On September 27, Justice Albert "Albie" Sachs Gave a Public Lecture

On September 27, renowned human rights activist and South Africa Constitutional Court Justice (1994 – 2009) Albie Sachs delivered a public lecture titled “Forging a Constitution for the New South Africa: from Racism to Equal Rights for All” at the HSE St Petersburg. The lecture was organized by the Center for Historical Research and the School of Law, HSE St Petersburg, in collaboration with the Fund for Support of Liberal Education and the Center for Study of Civil Society and Human Rights.

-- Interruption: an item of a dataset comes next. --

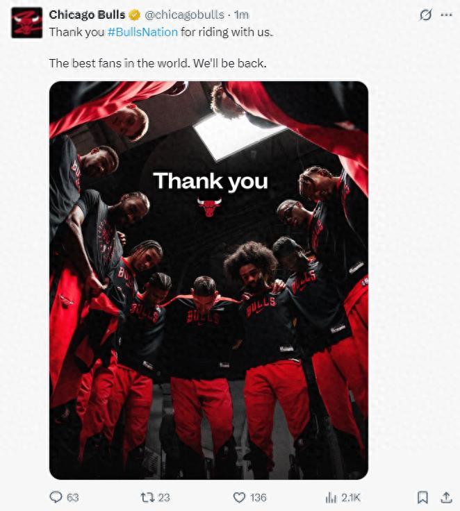 北京時間4月17日,東部第九的公牛被東部第十的熱火以下克上了,而且還是一場慘敗,公牛這個主場優勢看起來毫無作用,懷特被熱火鎖死,吉迪的外線軟肋被無限放大,這支年輕的公牛攻防都很拉胯。公牛官方已經致謝球迷了。

Albert Sachs started his lecture from the recalling the Nelson Mandela and events that preceded the first democratic local government elections in South Africa. Going back to 1952 he told a story of his participation in The Defiance Campaign against Unjust Laws. This year was symbolically regarded as a three-hundred-year anniversary of white civilization rule. Mr. Sachs took part in the campaign while being a student in Cape Town, a city which was in the place where Dutch East India Company expedition under the command of Jan van Riebeeck anchored on 6 April 1652.
Then Mr. Sachs gave various examples of existed discrimination and overviewed the beginning of non-violent resistance towards the apartheid. “There was only one good thing apartheid did – it created anti-apartheid” – he said. In the situation when most people didn’t have rights and the law itself was absolutely discriminatory South African government continued to strengthen segregation which heavily contradicted with the decolonization processes in the rest of the Africa. Eventually African National Congress and some other organizations were declared unlawful, various newspapers and meetings were banned. This resulted in the armed struggle.
Lecturer admitted the importance of international support from USSR, Scandinavian countries, popular movements in UK, USA and Canada, support from African countries, from India, Pakistan and world-wide movements. Under the heavy international pressure and inner resistance, the regime in 1990 freed Nelson Mandela, who spent in prison 27 years. Before that in 1985 he was offered the release upon the condition to rejected violence as a political weapon, but rejected it as African National Congress still has been banned.
However, as Mr. Sachs pointed out, this struggle can’t be diminished to the fight between black and whites, it was not a racial war but fight against the unjust system. As there were black people on the side of the tortures and state repressions so there were white people standing against them.
Mr. Sachs also went across the processes of apartheid cancellation. Elaboration of the new constitution was a complicated process accompanied by the debates about sharing the power. Various projects were pushed forth to let white minority to retain more power. Hard negotiations took 6 years, were broken several times, troubled with massacres and victims from both sides, but eventually all population was given equal voting rights. Mr. Sachs stated that the decision to make president of South Africa elected by the Parliament instead of direct voting was made to lessen the potential of authoritarianism. He also recalled his activities such as preparing the first draft of the Bill of Rights of the Constitution of South Africa and working in the Constitutional Court of South Africa. He gave examples of Mandela’s submission to the Parliament in order not to undermine the constitutional democracy.
During the discussion followed the lecture Mr. Sachs answered several questions, devoted to his books. He spoke about complexity of writing legal judgments and about delusion of judgments always being written in the same order and sequence. Mr. Sachs characterized it as the difference between the logic of discovery and the logic of reason. “For me there are four elements of legal decision:” he said – “discovery, legal reasoning, persuasion and preening”.
Answering other questions Mr. Sachs underlined that elaboration of South African constitutional order was not just a competition of various ideal types of constitutions, but rather a result of the observation of the constitutional practices realization all over the world. He also mentioned the negative role of the Cold War, which negatively affected the entire Africa by encouraging strong military leaders in the region from both left and right wings.
In the end of the question session Mr. Sachs shared some more experiences of being lawyer in a state with legalized discrimination and finished his speech with an advice for youth to keep a belief in humanity and “to keep a treasure of possibility” no matter how much skepticism in the modern world there is.

Report: Alexander Turbin


 

Albert "Albie" Louis Sachs
Justice of the Constitutional Court of South Africa

 

Born in Johannesburg, Dr. Albie Sachs earned his law degree in Cape Town and began practicing law in 1957, focusing on civil rights cases. Following a prison term for his involvement in the anti-apartheid movement, Justice Sachs went into exile where he completed his PhD at Sussex University and had a long and distinguished career as a law professor, working in the United Kingdom, Mozambique and the United States. A failed assassination attempt by South African agents in 1988 cost Dr. Sachs an arm and sight in one eye, after which he devoted himself to work on a new democratic constitution for South Africa.  In 1990 he returned to South Africa and was a member of the National Executive and Constitutional Committee of the African National Conference, drafting portions of the new Constitution.  In 1994 Dr. Sachs was appointed to the Constitutional Court by President Nelson Mandela. Justice Sachs was the author of numerous high-profile judgments concerning discrimination law before his retirement in 2009, including Prinsloo v Van der Linde, which established a connection between the right to equality and dignity. He is the author of ten books, has received 21 honorary degrees and is the winner of Taiwan’s Tang Prize in Rule of Law among other honors.